Perhaps. What matters more is that I now grok them in fullness.
I just turned 40. According to one of our culture's key memes, this is
stereotypically a time when people get in tune with their universe, or a
new Corvette and a trophy wife. Some get it and keep it together. Some get
it together in fits and starts. Some don't get it together at all. And
some get it and spread it all around. A lot seems to depend on whether you
view the universe--your universe, according to quantum physics, since your
perceptions model its attributes in your mind--as welcoming or hostile.
I think Bill Withers nailed it in his lyrics to his song, "Let Us Love,"
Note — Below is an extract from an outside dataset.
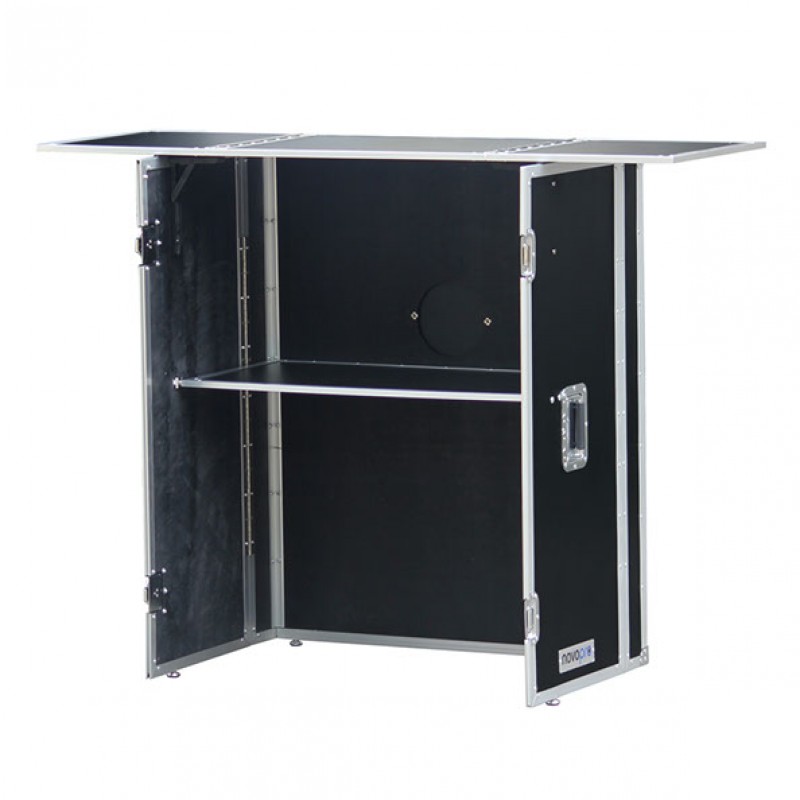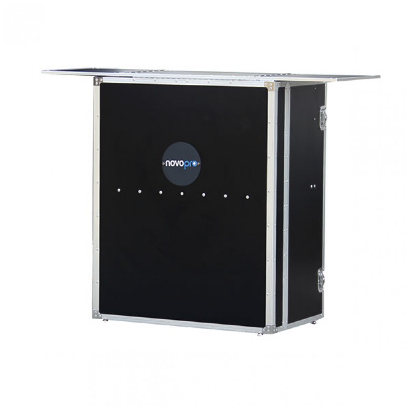 The inbuilt shelf can be used for storing equipment or cases but also has another design purpose; by placing a smoke/haze machine or lighting effect on the shelf and removing/rotating the round centre panel, you can get some great effects coming from 'inside' the Novopro FPB1 booth.

where he exhorts us to act as if every day is Christmas and to treat
everyone we meet accordingly. This does not exclude agnostics, atheists
and secular humanists, who tend to be more principled in this area of life
than many religious folk and without the Damoclean sword of Jehovah-1
hanging over their heads, ready to smash them like overripe coconuts for
the least little infractions.
I miss my mother and father. Some nights, I find myself aching to talk
with them, to share a new anecdote or the simmering details of an amusing
or bewildering incident. But I know they gave me what I need to be strong,
proud and happy--to not just survive, but thrive. I know that whatever
footsteps fall in my life, I will be able to deal with the consequences.
And, one day, I will be in tune with my universe and my life will become
what I want it to be. I wish the same for all my Constant Readers--all
three of you, including the one with no epidermis.